FIG. 1 is a sectional view schematically showing the internal structure of a general color cathode ray tube.

FIG. 2 is a cross-sectional view of a conventional getter.

FIG. 3 is a cross-sectional view of a getter structure applied to an embodiment of the present invention.

FIG. 4 is a cross-sectional view of a getter structure applied to two embodiments of the present invention.

FIG. 5 is a sectional view showing a modification of the getter structure according to the present invention.
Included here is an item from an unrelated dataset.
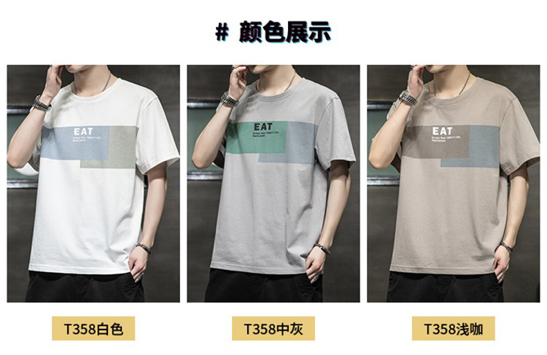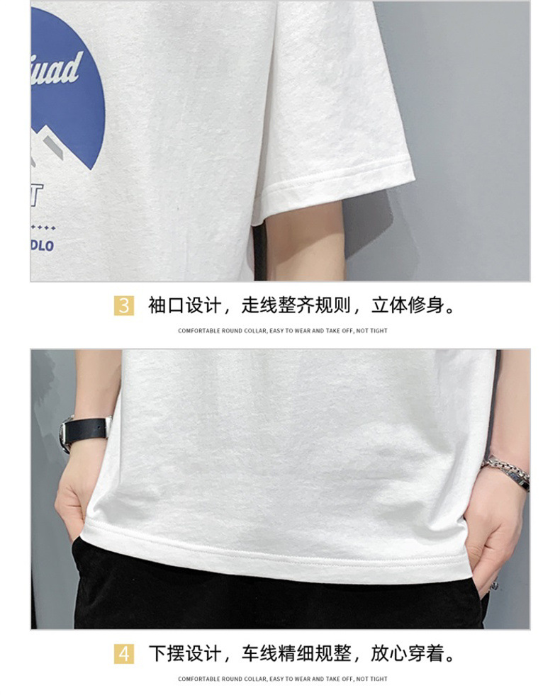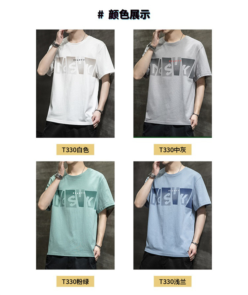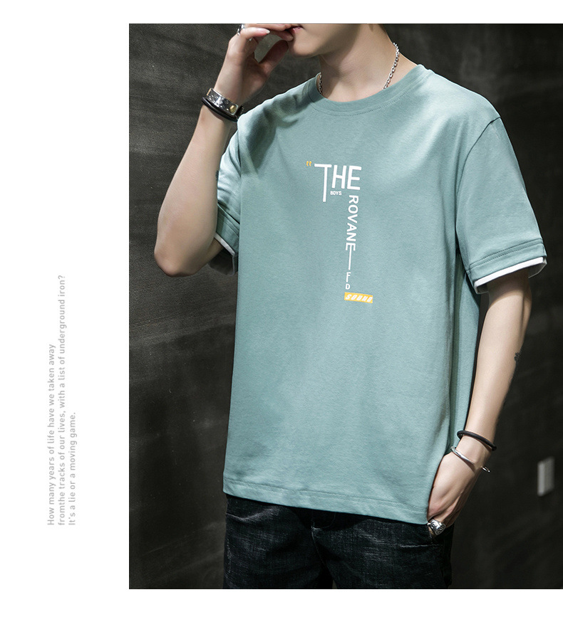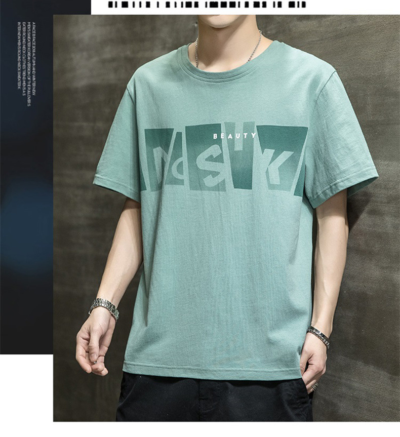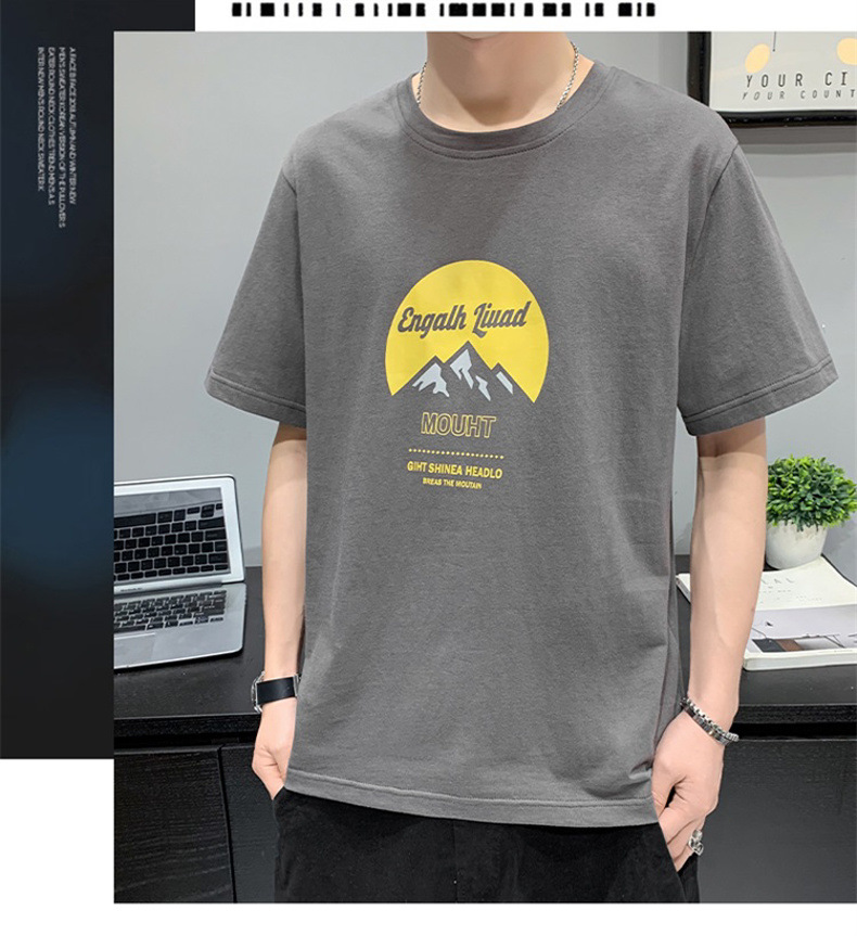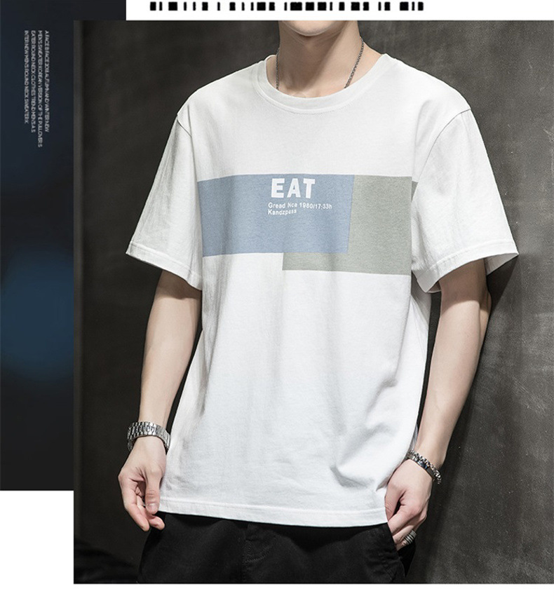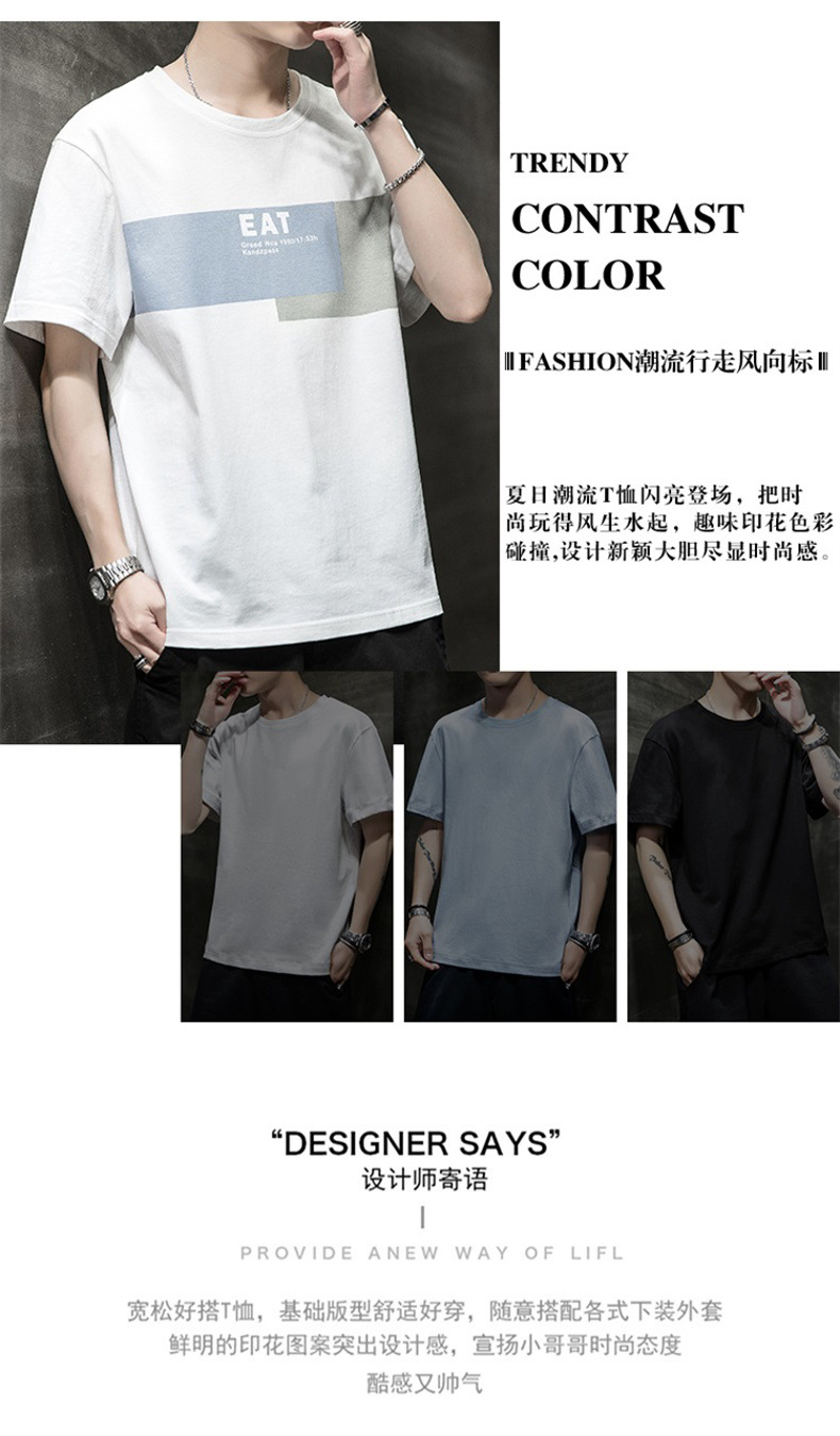 Short-sleeved T-shirt for men, summer ins trendy brand, loose men's summer wear, pure cotton men's round-neck half-sleeved top

FIG. 6 is a graph comparing the amount of change in thermal drift between the embodiment of the present invention and the prior art.

[Explanation of symbols]

 DESCRIPTION OF SYMBOLS 1 CRT 2 Aluminum film 3 Panel 4 Flame 5 Shadow mask 6 Funnel 7, 7a, 7b, 7c Getter 8 Electron gun 9 Getter container 9a Cup 9b Ring-shaped part 10 Ba material 11 High-temperature deposition material 11a Low-temperature deposition material

──────────────────────────────────────────────────続 き Continued on the front page (58) Fields surveyed (Int.Cl. ⁶ , DB name) H01J 7 / 18,9 / 22,9 / 39,29 / 07,29 / 28,2 9 / 94,31 / 20

Claims (3)

(57) [Claims] 1. A step of assembling a getter (7) packed with a getter material comprising a Ba material (10) and a predetermined vapor deposition material into an electron gun (8) via a getter antenna (A), and a shadow mask. After the panel (3) to which (5) is fixed is sealed with a funnel (6) and a frit, the getter (7) assembled to the electron gun (8) is placed inside the funnel (6) of the cathode ray tube (1). Sealing, evacuating the residual air in the cathode ray tube (1), and then sealing; heating the getter (7) with a high frequency to increase the degree of vacuum in the cathode ray tube (1) to obtain a Ba substance ( a step of evaporating 10), evaporates from the Ba material (10) at a constant vacuum level
Heating a predetermined temperature with a high-frequency heating means in order to deposit a deposition material comprising a difficult high-temperature deposition material (11) on at least the surface of the aluminum film (2). color Blau <br/> down tube Manufacturing method. 2. The method of claim 1, wherein the high-temperature deposition material is a Mn material. 2. The method of claim 1, wherein the thermal deformation of the shadow mask is minimized. 3. The method according to claim 1, wherein the vapor deposition material is heated and evaporated during an evacuation stage of the cathode ray tube.
3. A method for manufacturing a color cathode ray tube for minimizing thermal deformation of a shadow mask according to item 1.